This analysis is opinion only and should not be interpreted as financial advice.

CODEYOURFUTURE LABS LIMITED - Analysis Report

Company Number: 13232479

Analysis Date: 2025-07-29 15:15 UTC

  1. Credit Opinion: CONDITIONAL APPROVAL
    CodeYourFuture Labs Limited demonstrates a stable cash position with significant liquid assets relative to current liabilities, indicating an ability to meet short-term obligations. However, the company's net asset base is minimal (£100), and the equity position is negligible, reflecting a very thin capital buffer. The company is relatively new (incorporated 2021) and operates in a niche education and employment placement sector, which can be sensitive to economic cycles. Its continued reliance on funds owed to its parent charity and distributions paid to the parent suggest limited operational profitability and dependence on external funding. Credit approval is recommended on the condition of continued close monitoring of cash flows and external funding, as financial resilience is modest.

  2. Financial Strength:
    The balance sheet shows almost no fixed assets and only current assets, dominated by cash (£608k in 2024). Current liabilities closely match current assets, resulting in net current assets of only £100. Shareholders' funds are minimal at £100, indicating very low equity and no retained earnings. The company has improved from a negative net asset position in 2021 to a positive but marginal one in recent years. The significant amounts owed to and from the parent charity highlight dependency on related party transactions rather than independent financial strength. The small capital base limits the company's ability to absorb financial shocks.

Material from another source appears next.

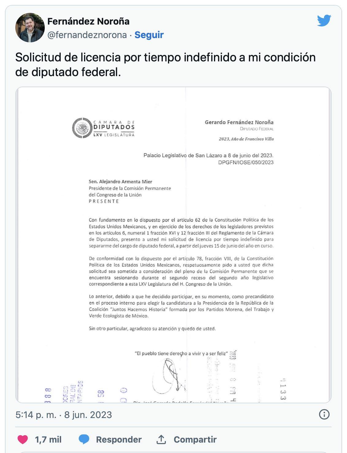 El legislador, quien ha comenzado a figurar en tercer lugar en algunas encuestas, por debajo de Claudia Sheinbaum y Marcelo Ebrard, ha afirmado que es el perfil de más izquierda de entre todos los aspirantes presidenciales que buscan continuar la llamada Cuarta Transformación. La mañana de hoy, Fernández Noroña desayunó con Mario Delgado, presidente de Morena, quien lo invitó en calidad de invitado especial a la sesión extraordinaria del Consejo Nacional del partido del próximo domingo, en la cual se elaborará la convocatoria para el proceso de selección del candidato presidencial para 2024. Con el diputado petista, suman cuatro “corcholatas” que anuncian que se separarán de sus respectivos públicos: el canciller Marcelo Ebrard dejará su cargo el lunes 12 de junio, el senador Ricardo Monreal anunció que lo hará la próxima semana y Manuel Velasco hoy presentó su solicitud de licencia para dejar su escaño. M
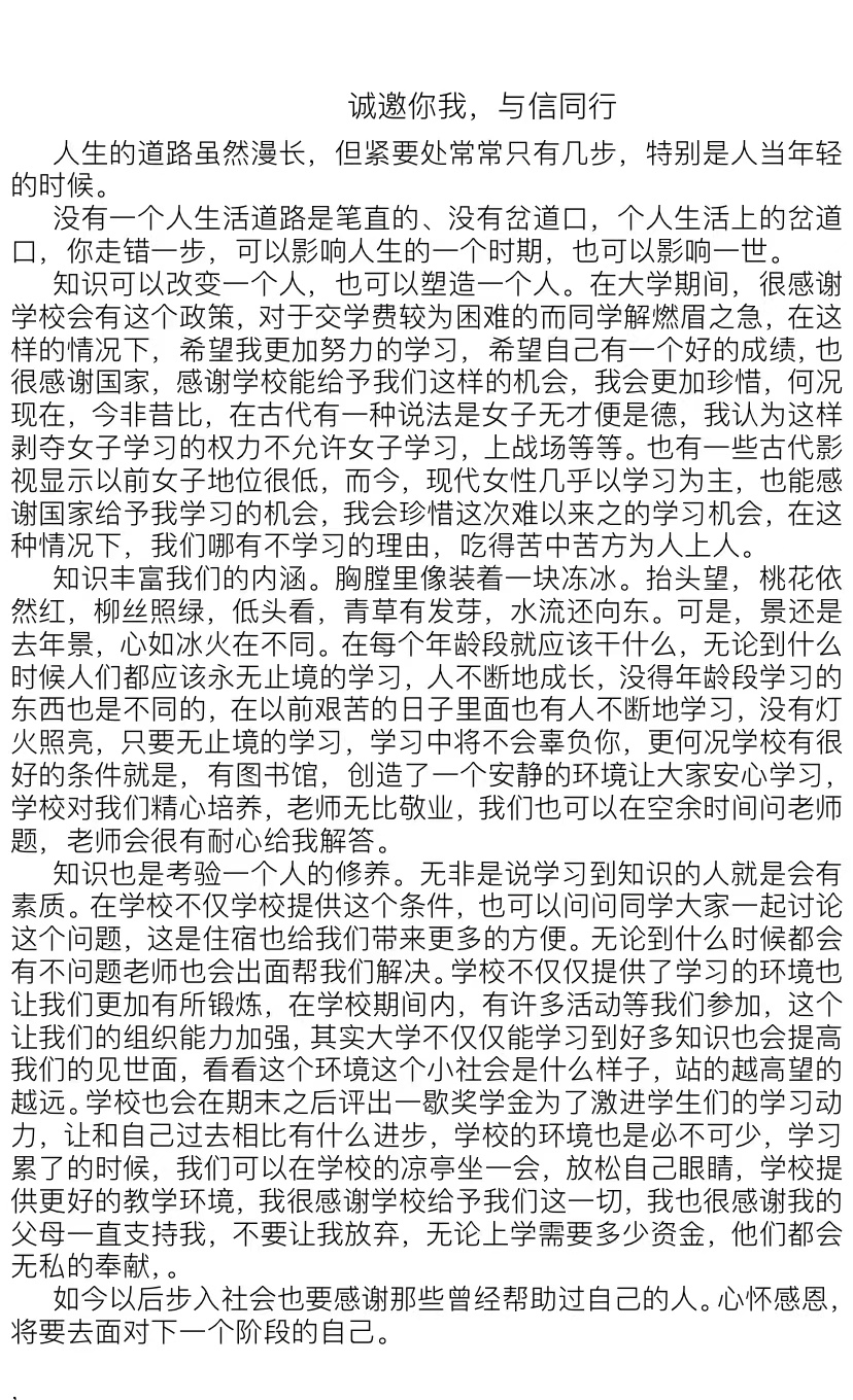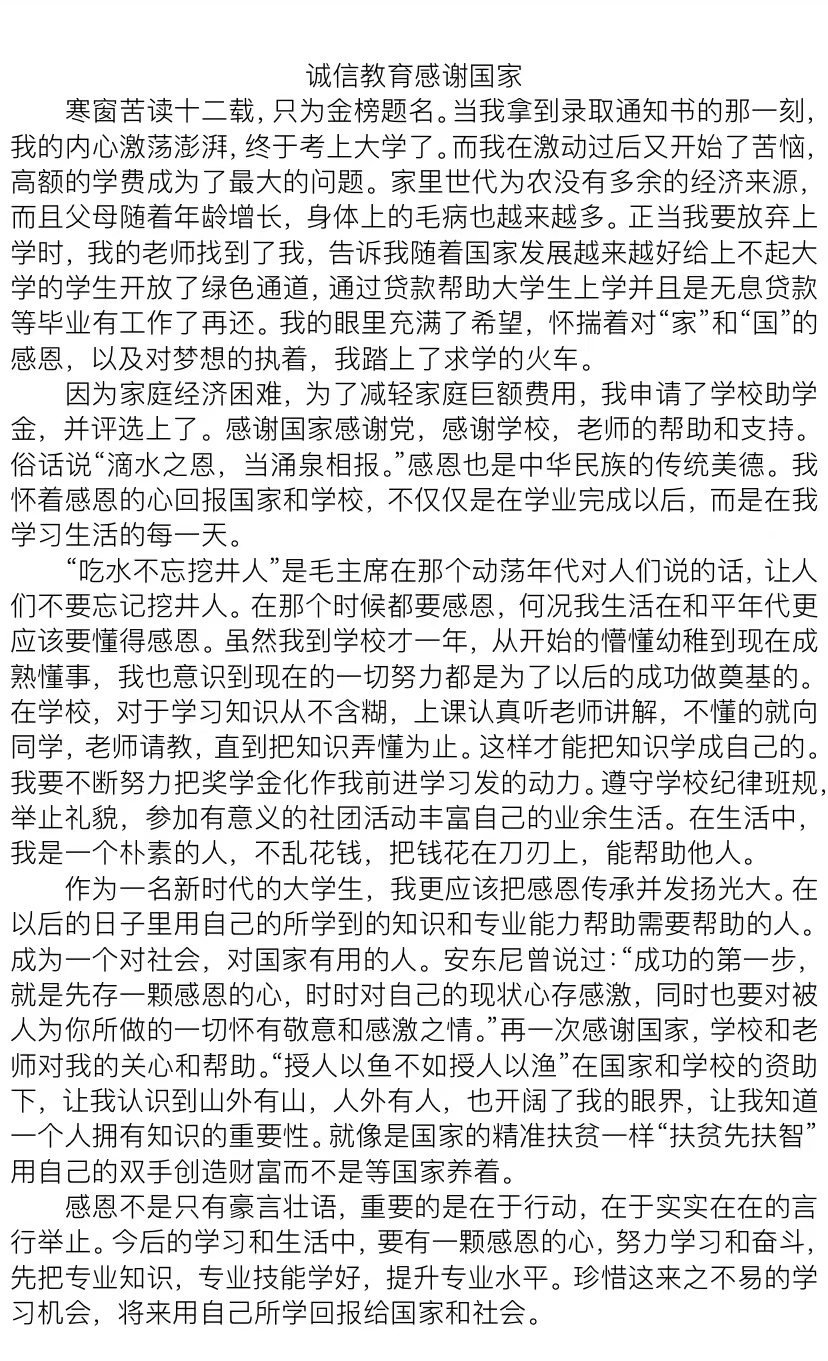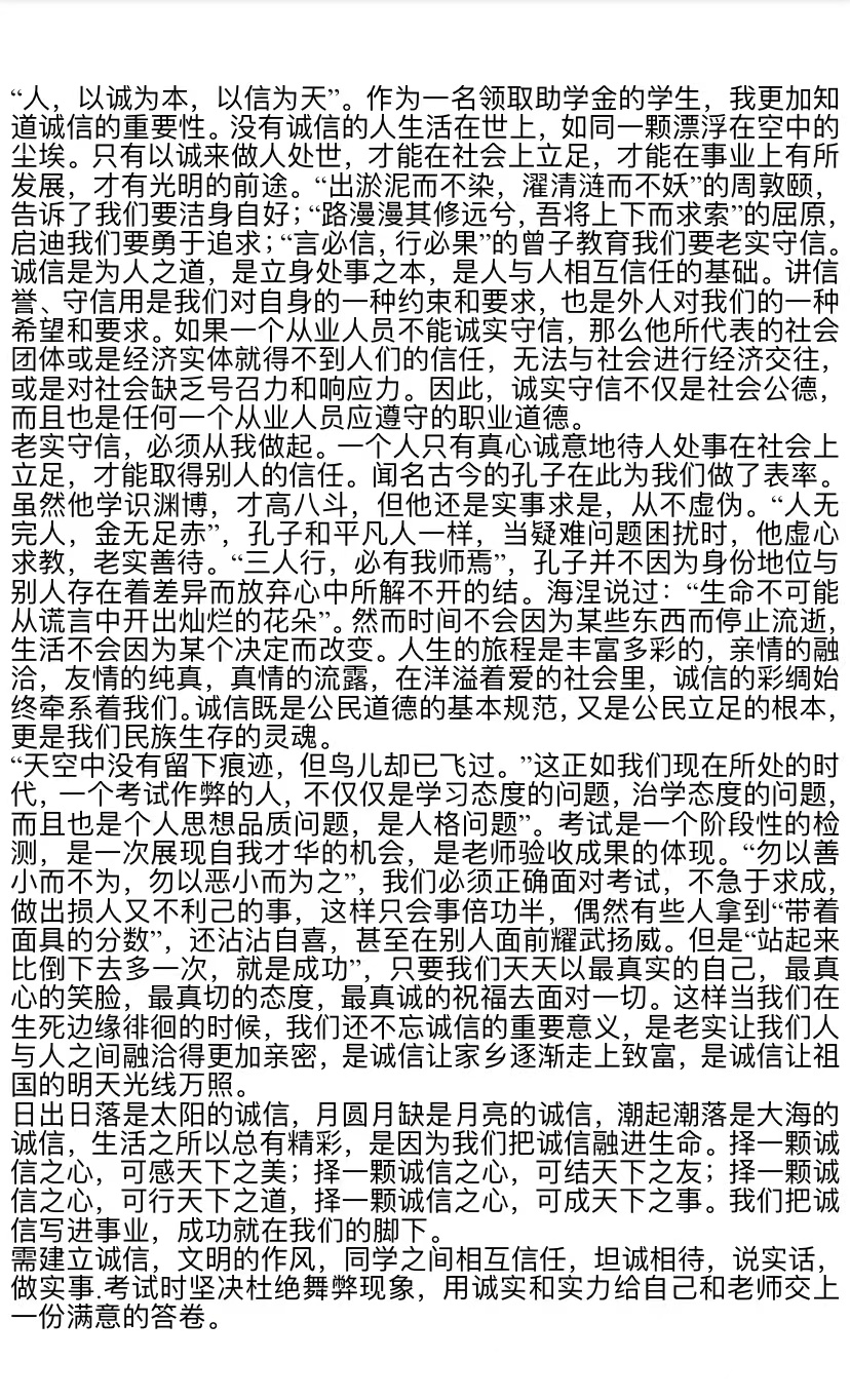诚信,就是要诚实守信,这既是中华民族的传统美德,也是建设现代化新型社会的基石。为了增强旅游与地理科学学院学子们的诚信和感恩意识,学习部于2022年5月27号-6月10日在线征文,开展以“诚邀你我,与信同行”为主题的征文比赛,反思不诚信行为的影响,使诚信深入人心。

  3. Cash Flow Assessment:
    The company holds strong cash reserves relative to liabilities, with cash increasing from £573k in 2023 to £608k in 2024, showing good liquidity. Debtors are small but increased to £46,790 in 2024, which may slightly affect liquidity if not collected promptly. Current liabilities are largely deferred income and amounts owed to the parent charity, which could impact cash flow if repayment terms change. Working capital is positive but minimal (£100), indicating tight short-term financial flexibility. Overall, liquidity is adequate, but the reliance on parent funding should be managed carefully.

  4. Monitoring Points:

  • Track cash balances and liquidity quarterly to ensure ongoing ability to meet short-term obligations without increasing dependency on related parties.
  • Monitor debtor collections to avoid cash flow disruptions, especially given the increase in trade debtors in 2024.
  • Review deferred income and creditor balances with the parent charity to assess sustainability and repayment terms.
  • Watch for profitability improvements and build of equity to strengthen the balance sheet over time.
  • Observe any changes in funding arrangements or distributions to the parent that may stress cash flows.